One clear and troubling example of a domestic biological threat to our system of food and agriculture is the way the industrial meat giants raise and process livestock. Last year, snipers killed 12 people around the nation’s capital. Listeria bacteria suspected of coming from poultry processors killed eight people, sickened at least 54 others and caused three miscarriages or stillbirths in the Northeast, prompting a record recall of 32 million pounds of meat. I asked my students what differences there were between the two tragedies.

The class had just read Eric Schlosser’s "Fast Food Nation," which documents how lax some of the nation's meat-packing giants, and even the government, have been about food safety. The result: contamination that has led to injury and death. The only differences my class saw were that the shootings received massive news coverage but the poisoning victims in the listeria case died quietly in hospitals with little media attention.

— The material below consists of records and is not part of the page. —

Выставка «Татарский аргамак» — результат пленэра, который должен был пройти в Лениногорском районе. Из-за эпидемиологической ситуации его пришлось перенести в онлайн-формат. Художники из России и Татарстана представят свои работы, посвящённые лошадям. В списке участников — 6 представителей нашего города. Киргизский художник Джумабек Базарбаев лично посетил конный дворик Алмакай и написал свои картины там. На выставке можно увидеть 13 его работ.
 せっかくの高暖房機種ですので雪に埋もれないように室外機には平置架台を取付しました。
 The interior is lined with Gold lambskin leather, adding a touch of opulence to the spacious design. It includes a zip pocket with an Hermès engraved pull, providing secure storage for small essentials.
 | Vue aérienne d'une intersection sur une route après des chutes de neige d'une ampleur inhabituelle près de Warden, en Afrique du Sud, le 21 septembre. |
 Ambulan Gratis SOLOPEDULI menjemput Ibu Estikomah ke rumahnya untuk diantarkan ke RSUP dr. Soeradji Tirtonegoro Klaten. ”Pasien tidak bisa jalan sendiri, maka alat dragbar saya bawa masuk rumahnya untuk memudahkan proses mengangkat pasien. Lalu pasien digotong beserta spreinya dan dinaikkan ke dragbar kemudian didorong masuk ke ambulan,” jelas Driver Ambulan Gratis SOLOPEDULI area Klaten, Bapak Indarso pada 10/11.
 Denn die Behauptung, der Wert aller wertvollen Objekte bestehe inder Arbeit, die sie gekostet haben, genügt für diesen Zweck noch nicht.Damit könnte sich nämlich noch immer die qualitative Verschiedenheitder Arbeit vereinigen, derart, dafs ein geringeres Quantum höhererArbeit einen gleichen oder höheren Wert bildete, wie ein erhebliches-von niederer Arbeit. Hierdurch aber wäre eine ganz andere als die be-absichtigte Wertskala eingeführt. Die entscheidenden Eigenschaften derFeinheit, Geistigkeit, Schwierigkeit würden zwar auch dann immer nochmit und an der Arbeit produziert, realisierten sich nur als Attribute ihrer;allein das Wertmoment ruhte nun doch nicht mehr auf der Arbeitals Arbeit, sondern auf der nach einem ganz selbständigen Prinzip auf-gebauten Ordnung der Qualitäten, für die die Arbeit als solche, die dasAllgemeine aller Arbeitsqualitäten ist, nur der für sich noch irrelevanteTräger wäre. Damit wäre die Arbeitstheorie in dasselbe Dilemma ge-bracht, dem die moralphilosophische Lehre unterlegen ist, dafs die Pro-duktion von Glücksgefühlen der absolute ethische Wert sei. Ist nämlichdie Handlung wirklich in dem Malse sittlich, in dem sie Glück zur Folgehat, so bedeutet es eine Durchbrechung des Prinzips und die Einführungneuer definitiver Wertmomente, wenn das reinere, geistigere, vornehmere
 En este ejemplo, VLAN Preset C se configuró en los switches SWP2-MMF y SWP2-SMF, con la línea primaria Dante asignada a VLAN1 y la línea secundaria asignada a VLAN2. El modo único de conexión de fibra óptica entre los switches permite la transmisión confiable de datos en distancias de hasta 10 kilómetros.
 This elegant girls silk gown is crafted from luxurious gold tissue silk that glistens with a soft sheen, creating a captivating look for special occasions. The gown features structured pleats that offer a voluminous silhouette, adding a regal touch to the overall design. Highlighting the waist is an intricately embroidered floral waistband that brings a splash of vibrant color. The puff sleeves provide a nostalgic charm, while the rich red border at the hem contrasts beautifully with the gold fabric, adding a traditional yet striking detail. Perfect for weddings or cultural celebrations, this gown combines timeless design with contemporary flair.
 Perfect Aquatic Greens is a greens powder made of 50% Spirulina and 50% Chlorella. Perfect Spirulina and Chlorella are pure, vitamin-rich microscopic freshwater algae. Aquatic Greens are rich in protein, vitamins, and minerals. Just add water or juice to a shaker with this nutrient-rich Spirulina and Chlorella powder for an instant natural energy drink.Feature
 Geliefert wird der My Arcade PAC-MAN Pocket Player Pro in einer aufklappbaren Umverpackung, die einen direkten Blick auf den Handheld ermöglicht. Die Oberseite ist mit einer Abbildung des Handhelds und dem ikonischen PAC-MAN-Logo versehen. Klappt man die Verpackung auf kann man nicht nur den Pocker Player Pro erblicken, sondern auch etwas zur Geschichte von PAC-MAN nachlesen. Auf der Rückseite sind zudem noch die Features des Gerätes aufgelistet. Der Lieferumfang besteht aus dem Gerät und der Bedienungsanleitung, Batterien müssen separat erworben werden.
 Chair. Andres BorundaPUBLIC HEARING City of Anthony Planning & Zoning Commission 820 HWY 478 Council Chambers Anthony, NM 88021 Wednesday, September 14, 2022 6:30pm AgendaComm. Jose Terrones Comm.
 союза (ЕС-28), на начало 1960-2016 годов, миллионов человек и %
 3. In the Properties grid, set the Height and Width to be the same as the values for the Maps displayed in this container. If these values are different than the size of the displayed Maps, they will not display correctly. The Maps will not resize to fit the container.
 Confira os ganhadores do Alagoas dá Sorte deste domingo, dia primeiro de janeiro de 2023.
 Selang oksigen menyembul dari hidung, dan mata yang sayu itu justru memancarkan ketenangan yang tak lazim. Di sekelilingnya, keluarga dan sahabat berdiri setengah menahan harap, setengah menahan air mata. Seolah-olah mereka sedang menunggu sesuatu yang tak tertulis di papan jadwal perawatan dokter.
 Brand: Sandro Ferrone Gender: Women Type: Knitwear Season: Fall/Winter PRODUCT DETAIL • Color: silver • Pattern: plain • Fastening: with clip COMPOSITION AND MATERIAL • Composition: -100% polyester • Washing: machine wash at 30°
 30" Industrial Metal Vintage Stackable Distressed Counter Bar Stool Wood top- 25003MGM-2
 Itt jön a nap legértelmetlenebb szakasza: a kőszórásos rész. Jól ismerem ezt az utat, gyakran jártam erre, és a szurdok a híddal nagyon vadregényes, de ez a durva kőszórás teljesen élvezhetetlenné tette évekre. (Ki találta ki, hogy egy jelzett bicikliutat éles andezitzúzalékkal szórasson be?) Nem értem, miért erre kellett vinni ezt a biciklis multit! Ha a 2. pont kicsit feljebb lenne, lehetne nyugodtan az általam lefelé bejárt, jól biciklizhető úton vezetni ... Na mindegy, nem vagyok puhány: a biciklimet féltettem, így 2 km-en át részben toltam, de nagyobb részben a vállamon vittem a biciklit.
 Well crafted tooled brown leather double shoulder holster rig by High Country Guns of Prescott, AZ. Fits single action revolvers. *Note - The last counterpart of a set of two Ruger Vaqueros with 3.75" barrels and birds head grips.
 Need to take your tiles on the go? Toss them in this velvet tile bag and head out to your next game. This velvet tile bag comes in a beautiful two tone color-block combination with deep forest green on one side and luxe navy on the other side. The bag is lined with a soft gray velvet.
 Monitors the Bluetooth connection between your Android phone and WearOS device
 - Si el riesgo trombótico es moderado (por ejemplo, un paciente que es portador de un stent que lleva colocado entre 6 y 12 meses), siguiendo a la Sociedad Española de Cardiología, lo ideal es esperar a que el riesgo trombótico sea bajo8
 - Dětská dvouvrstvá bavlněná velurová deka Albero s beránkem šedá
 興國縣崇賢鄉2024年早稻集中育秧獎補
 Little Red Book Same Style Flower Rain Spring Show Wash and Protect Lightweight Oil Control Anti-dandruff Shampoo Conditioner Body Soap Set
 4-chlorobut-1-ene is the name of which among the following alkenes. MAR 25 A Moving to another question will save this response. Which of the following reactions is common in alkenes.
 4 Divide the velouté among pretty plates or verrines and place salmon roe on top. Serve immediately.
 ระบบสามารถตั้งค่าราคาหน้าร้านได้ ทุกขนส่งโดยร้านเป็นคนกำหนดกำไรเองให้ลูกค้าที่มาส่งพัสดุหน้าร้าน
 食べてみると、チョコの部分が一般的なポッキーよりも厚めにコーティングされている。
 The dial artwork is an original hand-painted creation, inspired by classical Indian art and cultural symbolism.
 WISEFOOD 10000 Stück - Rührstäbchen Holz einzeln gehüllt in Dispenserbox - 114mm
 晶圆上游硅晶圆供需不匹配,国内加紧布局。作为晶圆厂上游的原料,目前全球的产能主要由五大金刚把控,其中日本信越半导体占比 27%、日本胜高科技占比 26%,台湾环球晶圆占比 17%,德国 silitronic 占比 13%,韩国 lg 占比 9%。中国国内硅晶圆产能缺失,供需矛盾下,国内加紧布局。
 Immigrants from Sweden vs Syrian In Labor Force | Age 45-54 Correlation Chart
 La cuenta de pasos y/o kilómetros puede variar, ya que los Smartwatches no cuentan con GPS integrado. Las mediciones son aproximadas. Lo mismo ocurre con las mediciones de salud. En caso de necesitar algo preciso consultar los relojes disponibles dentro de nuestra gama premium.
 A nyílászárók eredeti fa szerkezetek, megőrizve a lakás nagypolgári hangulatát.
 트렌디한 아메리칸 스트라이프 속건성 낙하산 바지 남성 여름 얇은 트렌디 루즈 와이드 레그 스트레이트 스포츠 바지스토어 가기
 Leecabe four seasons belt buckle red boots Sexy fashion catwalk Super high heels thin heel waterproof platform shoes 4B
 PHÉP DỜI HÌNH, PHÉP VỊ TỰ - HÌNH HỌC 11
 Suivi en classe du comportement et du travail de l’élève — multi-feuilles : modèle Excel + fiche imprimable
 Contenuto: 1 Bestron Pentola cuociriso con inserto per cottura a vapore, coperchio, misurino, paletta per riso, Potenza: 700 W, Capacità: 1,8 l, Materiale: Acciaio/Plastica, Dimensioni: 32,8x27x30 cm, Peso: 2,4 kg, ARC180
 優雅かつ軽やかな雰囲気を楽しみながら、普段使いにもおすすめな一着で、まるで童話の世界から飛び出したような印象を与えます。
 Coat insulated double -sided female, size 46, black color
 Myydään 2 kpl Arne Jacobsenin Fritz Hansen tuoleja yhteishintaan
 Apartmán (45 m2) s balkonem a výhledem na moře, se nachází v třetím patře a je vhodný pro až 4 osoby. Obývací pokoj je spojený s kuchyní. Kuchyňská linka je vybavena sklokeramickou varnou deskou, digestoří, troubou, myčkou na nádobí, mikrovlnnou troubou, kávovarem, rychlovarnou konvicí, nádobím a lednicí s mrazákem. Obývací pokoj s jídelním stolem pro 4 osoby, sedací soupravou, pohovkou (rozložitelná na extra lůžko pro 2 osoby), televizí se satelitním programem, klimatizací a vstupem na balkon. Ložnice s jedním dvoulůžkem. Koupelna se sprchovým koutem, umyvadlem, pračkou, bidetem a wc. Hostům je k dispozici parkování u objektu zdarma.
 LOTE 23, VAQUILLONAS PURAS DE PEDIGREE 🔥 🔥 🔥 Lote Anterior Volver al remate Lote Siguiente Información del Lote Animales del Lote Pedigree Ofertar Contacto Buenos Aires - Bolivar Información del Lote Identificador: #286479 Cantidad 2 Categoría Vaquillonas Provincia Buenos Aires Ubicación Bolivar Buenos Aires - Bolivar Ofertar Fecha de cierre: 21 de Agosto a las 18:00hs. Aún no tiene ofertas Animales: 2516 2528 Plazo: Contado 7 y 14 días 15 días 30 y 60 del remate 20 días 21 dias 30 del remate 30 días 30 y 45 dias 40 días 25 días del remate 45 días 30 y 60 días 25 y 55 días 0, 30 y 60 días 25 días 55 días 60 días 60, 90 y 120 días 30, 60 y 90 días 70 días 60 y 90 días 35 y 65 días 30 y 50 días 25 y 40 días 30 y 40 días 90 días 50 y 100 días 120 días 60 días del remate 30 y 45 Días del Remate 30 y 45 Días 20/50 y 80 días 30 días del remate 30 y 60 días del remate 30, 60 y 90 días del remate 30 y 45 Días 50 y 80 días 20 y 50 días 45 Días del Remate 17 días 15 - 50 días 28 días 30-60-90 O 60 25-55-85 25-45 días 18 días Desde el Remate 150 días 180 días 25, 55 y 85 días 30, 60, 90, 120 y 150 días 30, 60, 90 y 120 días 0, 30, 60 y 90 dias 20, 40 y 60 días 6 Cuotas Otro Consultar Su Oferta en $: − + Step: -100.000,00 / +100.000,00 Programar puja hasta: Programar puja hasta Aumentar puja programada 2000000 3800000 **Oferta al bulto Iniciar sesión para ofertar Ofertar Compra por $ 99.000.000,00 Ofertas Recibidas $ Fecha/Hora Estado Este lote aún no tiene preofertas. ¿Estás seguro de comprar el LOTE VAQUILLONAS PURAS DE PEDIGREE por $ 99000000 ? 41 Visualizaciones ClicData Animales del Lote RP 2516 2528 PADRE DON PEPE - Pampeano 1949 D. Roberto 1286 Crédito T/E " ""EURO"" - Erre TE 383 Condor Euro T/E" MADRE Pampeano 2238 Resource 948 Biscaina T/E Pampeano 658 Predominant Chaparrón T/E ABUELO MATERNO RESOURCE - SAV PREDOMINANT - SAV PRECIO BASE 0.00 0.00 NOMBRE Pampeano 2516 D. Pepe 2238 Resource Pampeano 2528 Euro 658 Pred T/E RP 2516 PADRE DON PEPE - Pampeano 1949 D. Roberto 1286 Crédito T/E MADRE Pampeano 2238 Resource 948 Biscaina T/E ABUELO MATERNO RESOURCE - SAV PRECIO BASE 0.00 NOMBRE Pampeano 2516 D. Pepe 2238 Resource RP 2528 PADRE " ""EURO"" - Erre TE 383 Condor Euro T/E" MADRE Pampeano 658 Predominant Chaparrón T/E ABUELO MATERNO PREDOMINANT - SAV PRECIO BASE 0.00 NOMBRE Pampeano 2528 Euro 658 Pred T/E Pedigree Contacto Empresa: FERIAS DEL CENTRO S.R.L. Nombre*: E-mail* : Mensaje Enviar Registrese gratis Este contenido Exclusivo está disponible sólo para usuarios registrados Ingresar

There are other ways of protecting our food and agriculture. My friend Mary Berry Smith, who farms in Kentucky , says, "Our country, through its ruinous desire for cheap food, has nearly destroyed the safest food system we could have: farmers feeding the people closest to them." Her family sells most of their farm products direct to customers: "Our customers trust us to provide delicious, healthy, safe food; we trust them to pay us a fair price."

The people of Black Hawk County, Iowa , annually spend nearly $240 million on groceries and another $130 million on eating out. Under our industrialized system, most of these food dollars leave our county and state.

Six years ago, with help from the Leopold Center for Sustainable Agriculture and the USDA’s Sustainable Agriculture Research and Education program, I approached the dining services directors of our university, our local hospital and the owner of a locally owned restaurant about buying a greater portion of their food from nearby farms. The aim was to keep a significant part of these dollars in our community and region, as well as to build local relationships. "Value-subtracting" industrial agriculture and the resulting "value-missing" markets create insecurities for the very people who grow our food.

Ten businesses and institutions we have worked with over five years have spent nearly $750,000 of their food purchases locally. At Rudy’s Tacos, one of our partners in Waterloo , 71 percent of the restaurant’s food budget, $143,000, goes for fresh, locally grown ingredients. For most restaurants, that percentage would be in single digits, if any. Bartels Lutheran Home in Waverly, another partner, buys two to three cattle each month, raised locally and processed at a local meat locker. Last year Bartels bought $40,000 worth of locally raised beef and vegetables. Three years ago the beef came from an unknown source, and the $40,000 left the region. The University of Northern Iowa , where I work, recently bought its first local cow!

This is "value-retained" agriculture, and we need more of it. If our county set a goal of retaining just 10 percent of our food dollars, that would amount to $37 million every year . And that would be real community economic development based on our best assets: our people and our land.

These food buyers have come to understand that their decisions crucially affect the vitality of nearby farms and businesses. They have decided to buy their meats from farmers they know for this reason, and because they can find out what the animals were fed and how they were raised. Through local, inspected lockers, they are assured that their ground beef came from that cow, and not from a mixture of thousands of other cattle from an unknown place.

This work has expanded the web of local relationships, which is the essence of local economy and local life. This is the kind of homeland security I think about.

Kamyar Enshayan wrote this piece for the Prairie Writers Circle, a project of The Land Institute, which is working to develop perennial grain agriculture in Salina, Kan. Enshayan works at the Center for Energy and Environmental Education at the University of Northern Iowa, in Cedar Falls, where he is an adjunct professor.